For Macey, it’s about offering competitive rewards.
“This is increasingly important given the strong competition from grocery players, QSRs, and pure-play digital upstarts like GoPuff,” he says. “Customers have become accustomed to being rewarded well by leading programs and are likely to leave if your program’s rewards do not deliver comparable value.”
To put it simply, making your rewards competitive not only incentivizes customers to do business with your brand but eliminates competition in their minds, and retention should go up. Sydlik, Barnett, and Macey make it clear that brands must shift from a brand-first focus and go all-in on remembering the customer mindset and putting their emotions first.

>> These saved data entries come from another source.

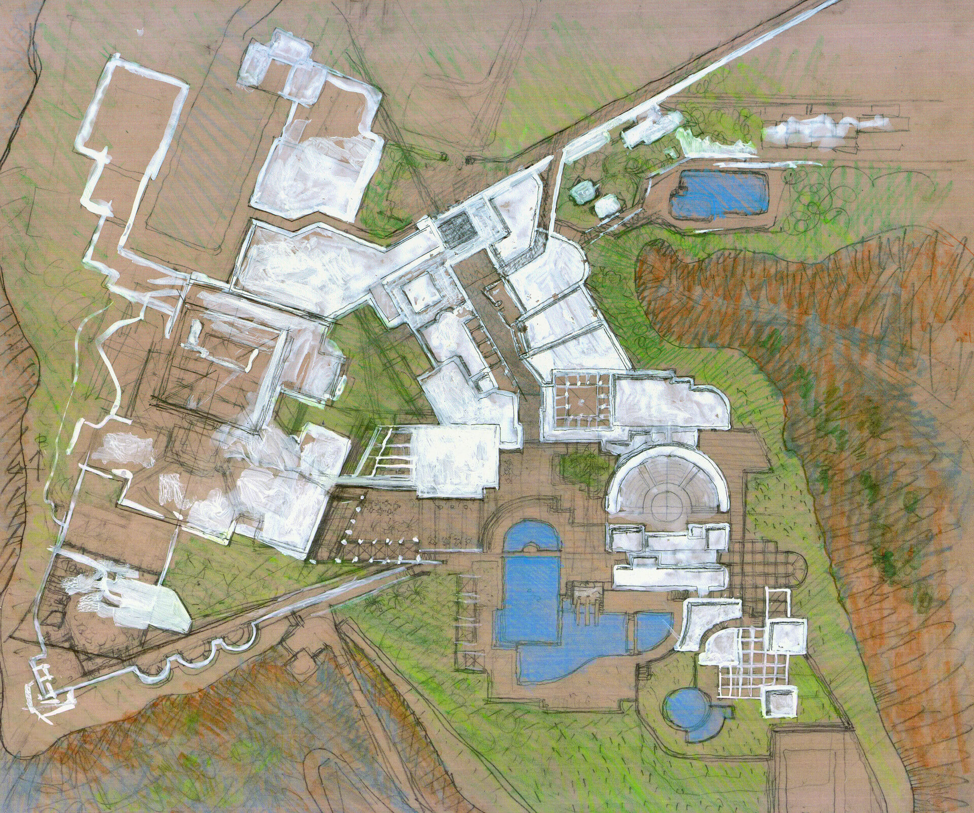 Λίγο αργότερα φέρνει να μας δείξει όλες τις μακέτες που αφορούν το μεγάλο πρότζεκτ που ετοιμάζει εδώ και πολύ καιρό στη Μύκονο και εξηγεί τη δυσκολία να παντρέψεις τη διεθνή πολυτέλεια με την τοπική ταυτότητα. Πρόκειται για το νέο Four Seasons, ένα έργο μεγάλης κλίμακας, το οποίο όμως δεν αντιμετωπίζει ως ένα τυπικό ξενοδοχείο, αλλά ως ένα παραδοσιακό χωριό. «Πρέπει να έχεις όλες τις προδιαγραφές του Hilton, αλλά χωρίς να είναι Hilton», λέει και μου εξηγεί ότι ο προβληματισμός του ήταν ο εξής: «Πώς θα το κάνω μυκονιάτικο και να δουλεύει για Αμερικάνους;». Κάπως έτσι εξιστορεί τη φιλοσοφία που ακολούθησε για να δημιουργήσει ένα «χωριό» σε ένα νησί που υπεραγαπά. Και αναφέρει: «Το Four Seasons στη Μύκονο σχεδιάστηκε με τη λογική της διάσπασης του όγκου σε μικρά “σπιτάκια”, ακολουθώντας την κλίμακα του νησιού. Ουσιαστικά, ήθελα να ικανοποιηθούν οι απαιτήσεις ενός πολυτελούς θέρετρου χωρίς να χαθεί η αίσθηση του οικισμού. Το σχεδίασα στην αρχή πάνω σε μια χαρτοπετσέτα, κάποια στιγμή που ήμουν στο καφενείο», θυμάται. Και προσθέτει: «Στο κέντρο του οικισμού τοποθέτησα την “πλατεία”, το δημαρχείο (ρεσεψιόν), το καφενείο και την εκκλησία. Αυτή η ιεραρχική διάταξη, ο Θεός, η εξουσία και ο λαός, είναι μια παγκόσμια συνταγή για κάθε πετυχημένη κοινωνική δομή, από την Ιταλία μέχρι την Ύδρα». Ιδιαίτερη έμφαση δόθηκε στη θέα, με μια έξυπνη τομή στο έδαφος ώστε όλα τα δωμάτια, ακόμα και τα ισόγεια, να έχουν οπτική επαφή με τη θάλασσα.
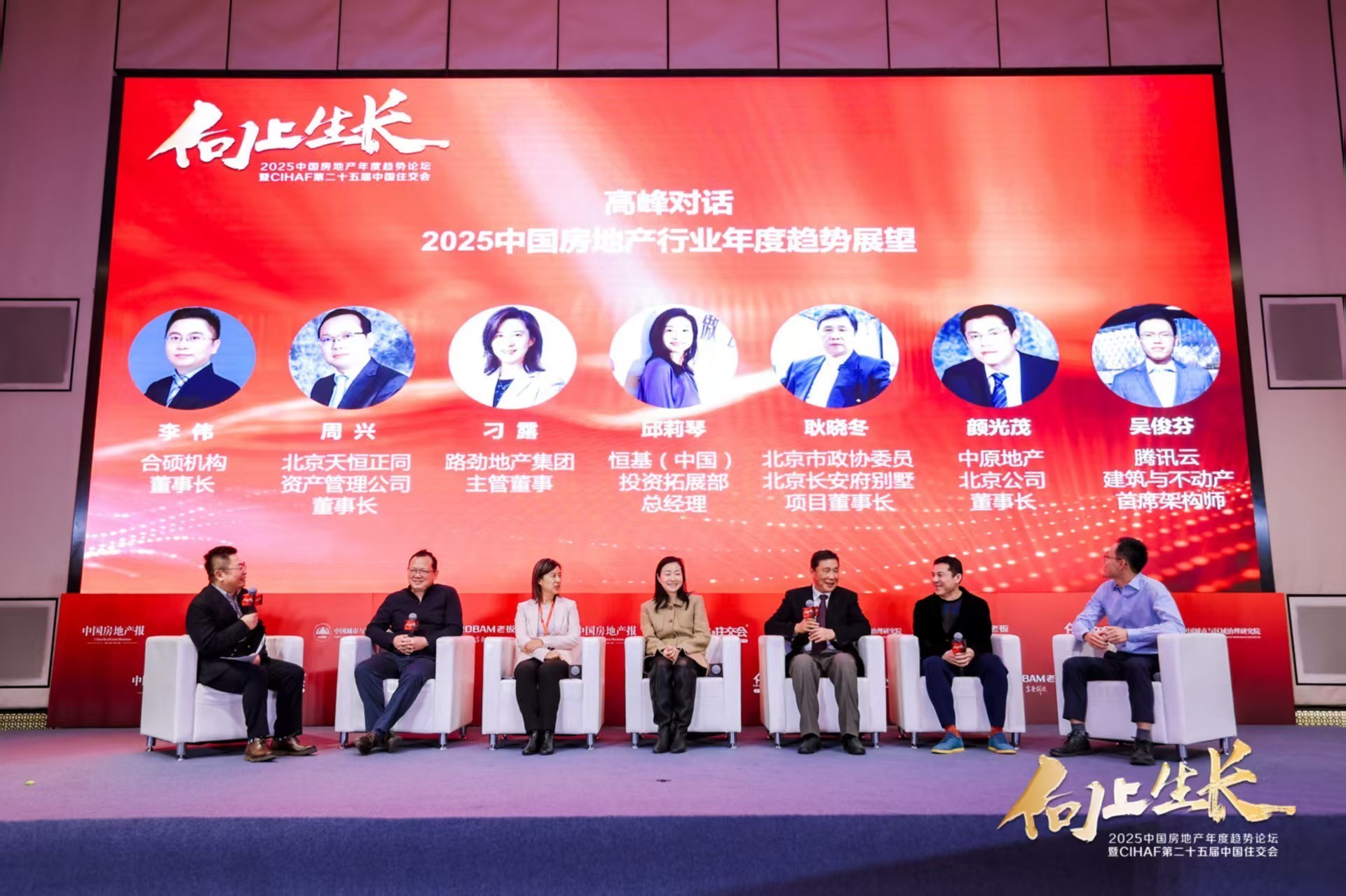 在本次会议的高峰对话环节,围绕“向上生长 ——2025中国房地产行业年度趋势展望”,北京天恒正同资产管理有限公司董事长周兴、路劲地产集团主管董事刁露、恒基(中国)投资拓展部总经理邱莉琴、北京市政协委员、北京长安府别墅项目董事长耿晓冬、腾讯云建筑与不动产行业首席架构师吴俊芬、中原地产北京公司董事长颜光茂等企业高层,进行了精彩发言与思想大碰撞,引发深入思考。
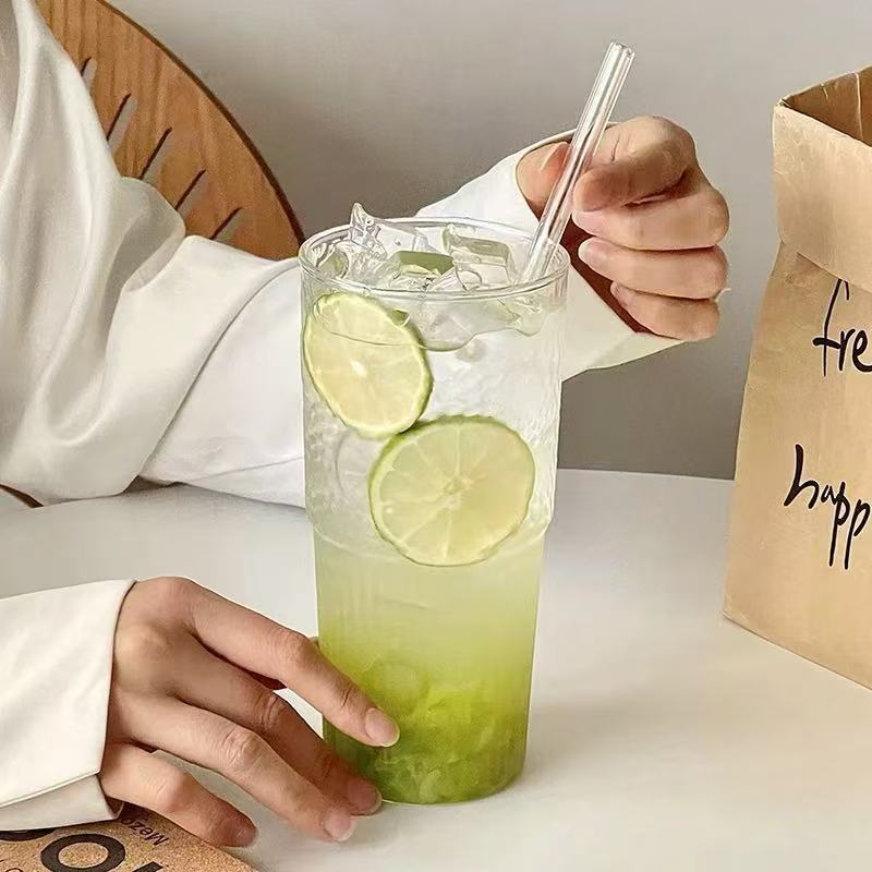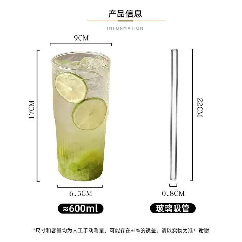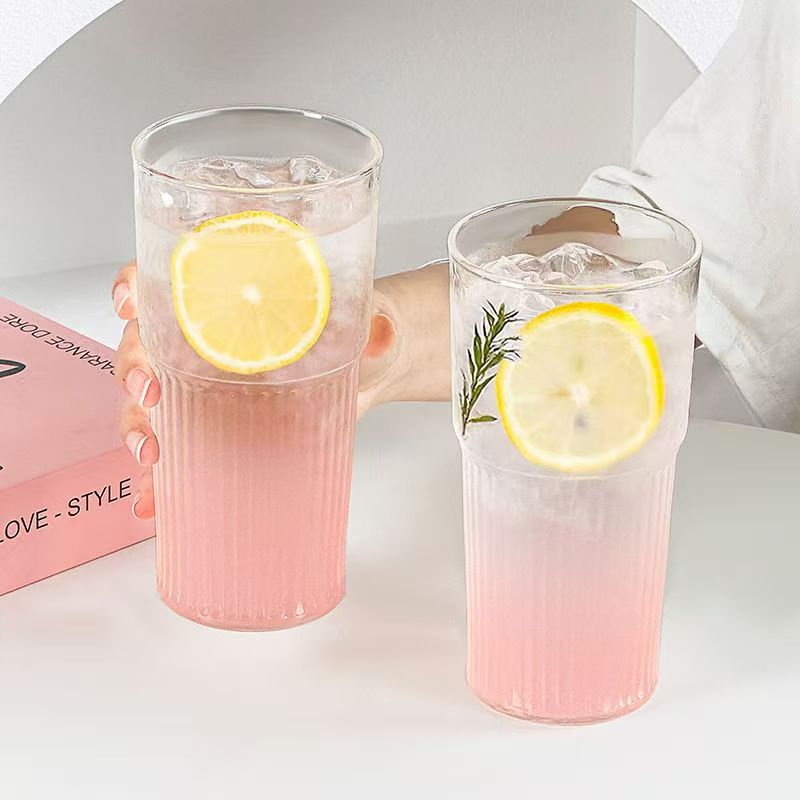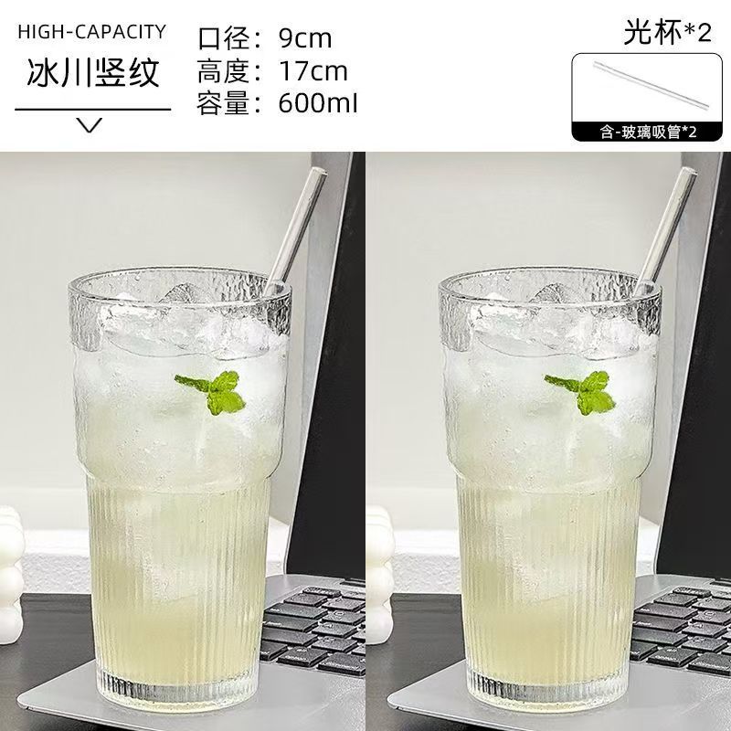 Ins 스타일 세로 줄무늬 유리 마시는 컵 뚜껑이있는 고급스러운 가정용 음료 컵 여름 대용량 물 컵스토어 가기
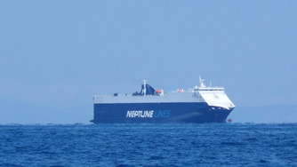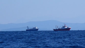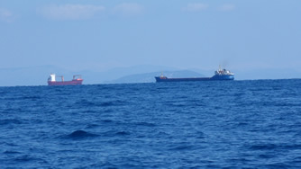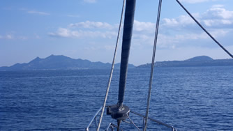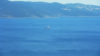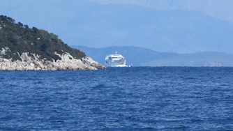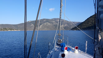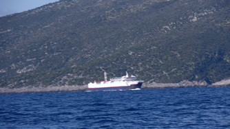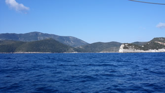 As we cleared Ak. AV. Ionnis the most southerly tip of Ithaca, Sami (Cephalonia) came into sight as did the ferry as it crossed to our stern making for the mainland. We had been paralleled by two trawlers for some time "zigzagging" down the coast, their path never colliding with ours, so it was only necessary to keep an eye on them.
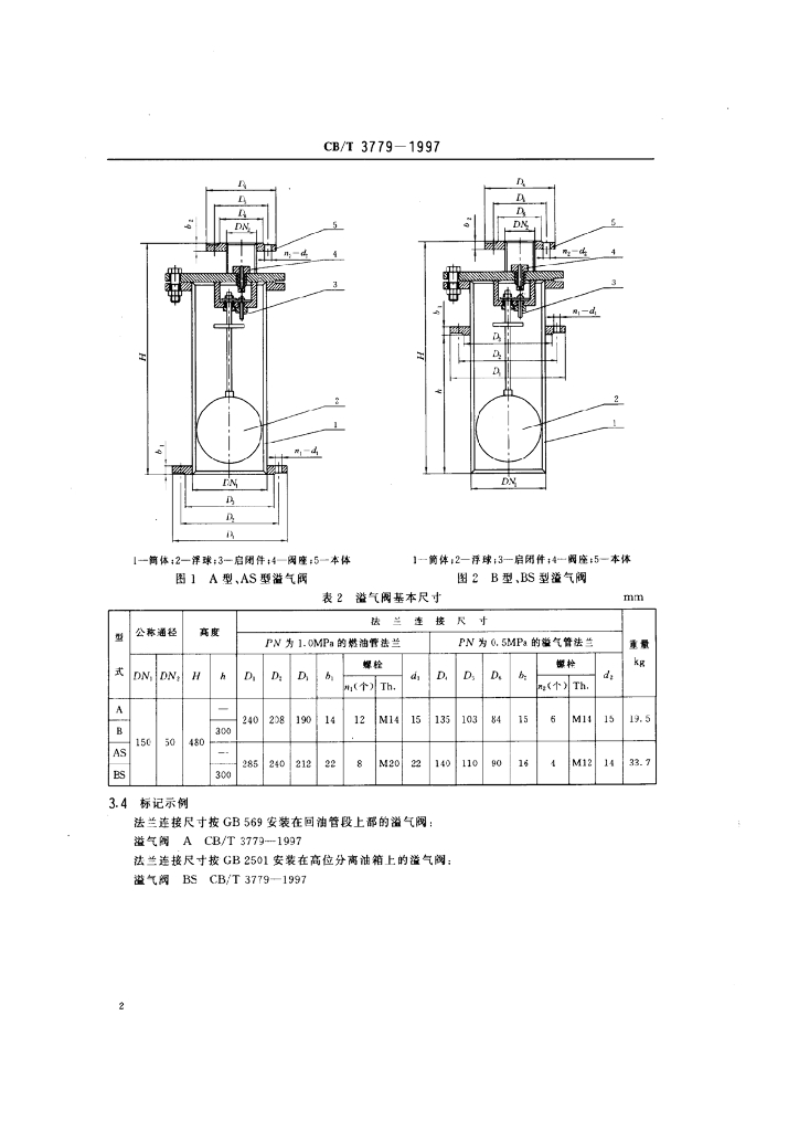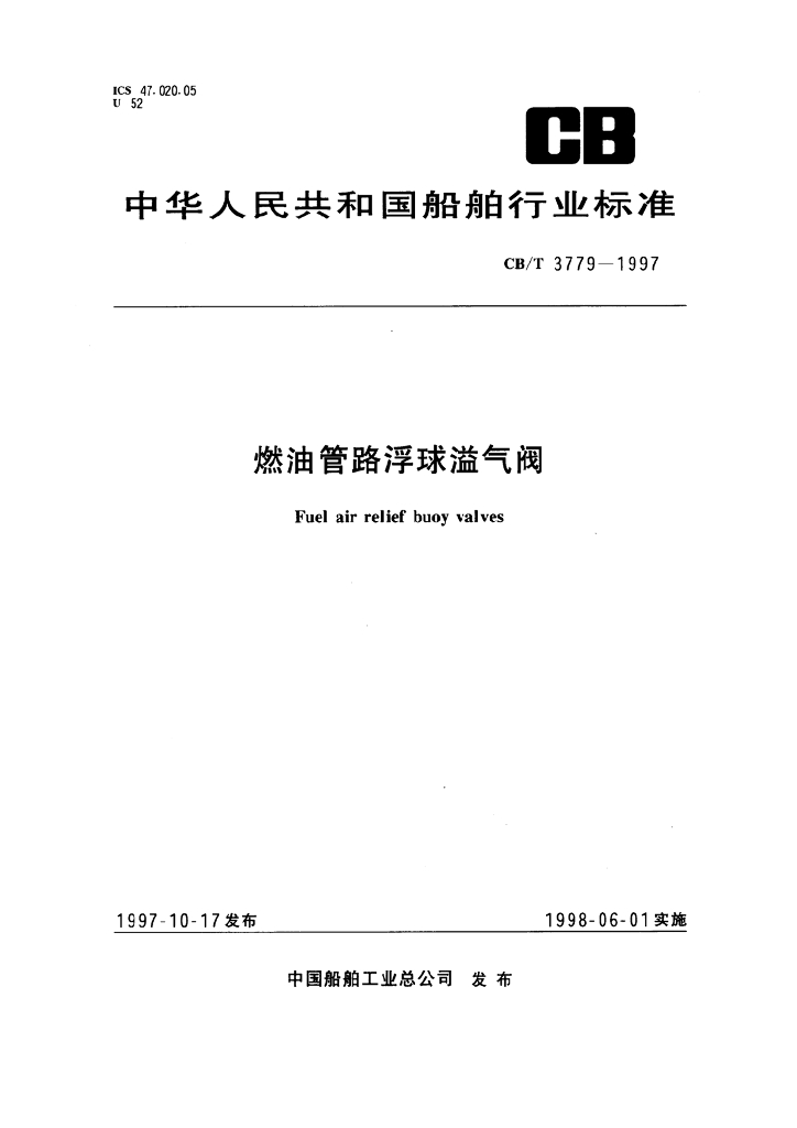 CB/T 3779-1997 燃油管路浮球溢气阀
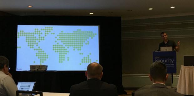Ông Adrian Ludwig trong hội thảo O’Reilly Sucurity hôm thứ 3 vừa rồi (1/11)Kết quả của những cuộc kiểm tra an ninh này, kèm theo các biện pháp hạn chế khai thác lỗ hổng trong Android khiến chỉ một số lượng rất nhỏ các thiết bị Android bị nhiễm phần mềm độc hại và theo lời Google thì đó là những “ứng dụng có khả năng gây hại – PHA”. Trên thực tế, theo biểu đồ ông Ludwig sử dụng trong buổi trao đổi hôm đó, chỉ có chưa tới 1% smartphone Android bị nhiễm malware.
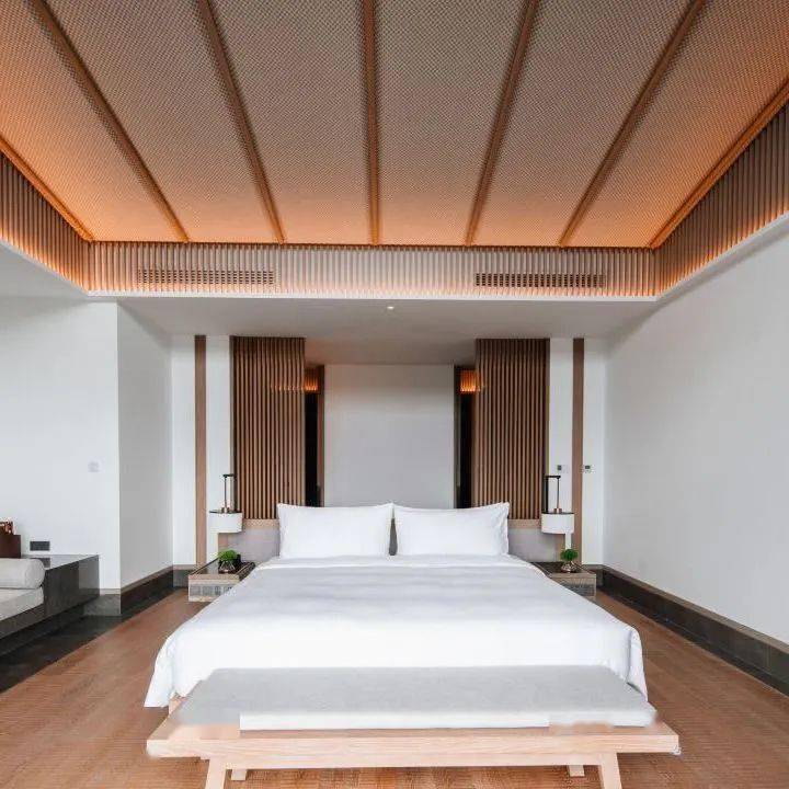 酒店中,每个空间的打磨和用材,多取自本地,将大量宜兴的材料融入空间设计中,茶香味弥散卧室的各个角落。使建筑不仅与自然相融合,也让时尚与度假相融合。
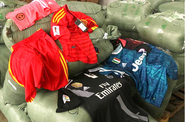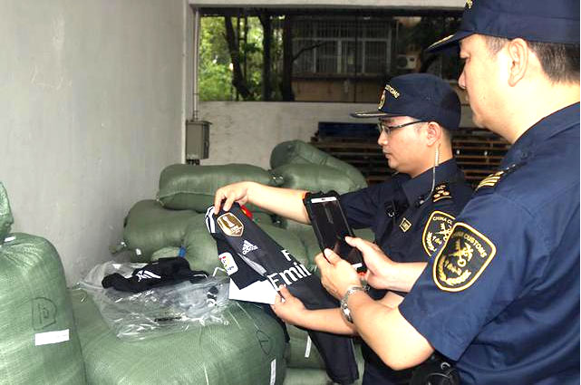 资料图:海关查获俄罗斯世界杯侵权货物现场
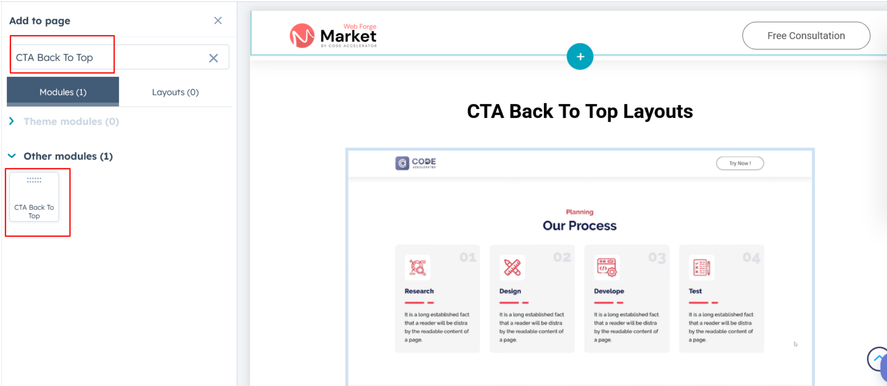 Search for "CTA Back To Top" and drag and drop the module into the desired location on your page.
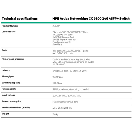 HPE Aruba Networking CX 6100 24G 4SFP+ Switch JL678A RENEW
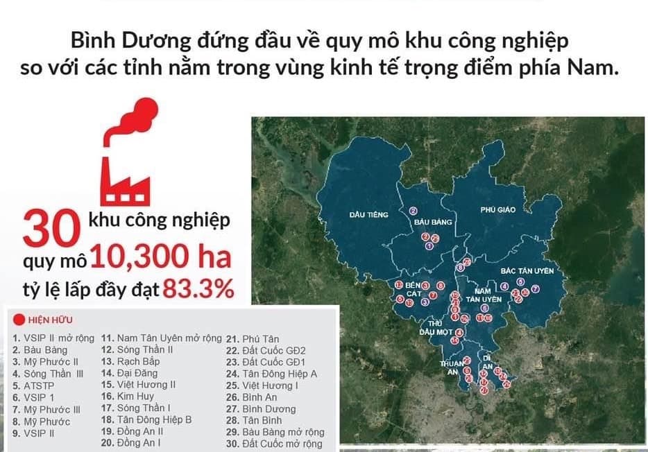 Các khu công ngiệp lớn xung quanh như KCN VSIP, KCN Việt Hương, KCN Sóng Thần, KCN Đồng An…
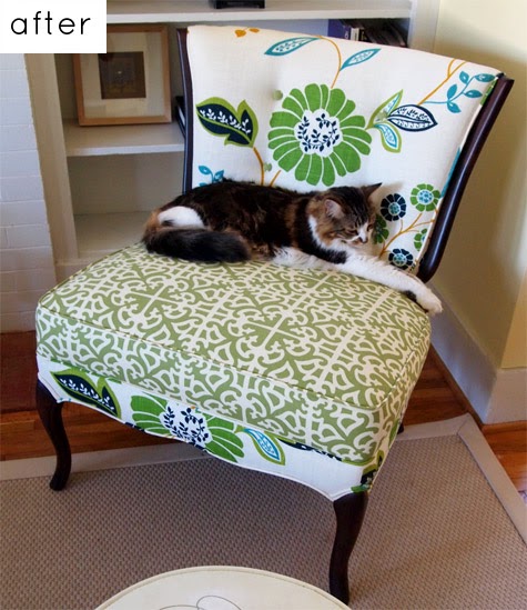 Depois: tecidos com estampas ousadas, mas que se conversam dão um ar contemporâneo para a cadeira.
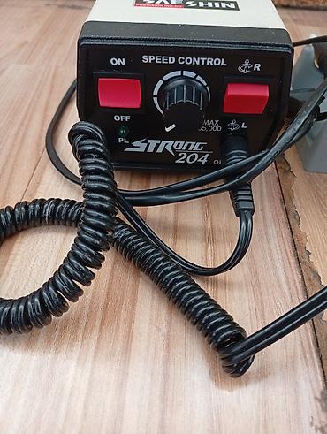 - Фрезер Saeshin Strong 204: блок управления с регулировкой скорости до 35 000 об/мин, переключатели реверса (R/L), ручка-микромотор, подставка и спиральный шнур.

Meaningful and Lasting Value
Sydlik believes that there are three approaches brands need to follow to drive meaningful and lasting customer value. First, streamlining enrollment and maximizing engagement by providing choice and flexibility in how customers interact with the brand will result in retaining more customers and build loyal behavior. Further, removing friction from the sign-up process increases program signups.
Second, she also says building a unified 360-member profile that includes personal, loyalty, transactional, behavioral, and share of wallet information of each customer is crucial. It enables brands to understand a consumer’s visit frequencies, purchase tendencies, and unique habits to personalize the customer experience. Sydlik offers a method for gathering customer information: Value Exchange.
“[You must] ask customers for personal information in exchange for something such as bonus points or a free coffee or snack,” Sydlik says in explaining how the concept functions. Both consumer and brand get value out of this exchange.
Third, Sydlik suggests brands need to use data purposefully, programmatically, and in real-time to deliver one-to-one offers and experiences that are personalized and tailored to the consumer receiving them.
Barnett and Kobie address the need for C-stores to evolve based on changing customer shopping behaviors. As more customers opt for mobile order, delivery, and curbside pickup post-pandemic, C-stores must prepare for a broader set of payment options available for their loyal consumerbase to use.
One of Kobie's C-store clients has taken this advice and used it to their advantage, strengthening emotional bonds via frictionless mobile ordering, amidst a variety of additional enhancements.
Macey is much more succinct in his response, though he echoes much of Sydlik’s advice.
“Brands must focus on reinforcing their brand’s true end-to-end customer experience, centered in their differentiated brand purpose, to establish a relationship with customers that grows over time,” he says.
This line of thinking best summarizes all that the vendors have discussed on the topic: above all else, the customer journey must feel different compared to competitors, and this can be achieved through a variety of means available to brands, from improving flexibility in loyalty programs to implementing a value exchange.
With help from these three insightful vendors, fuel and C-store brands now have the tools necessary to future-proof their legacies.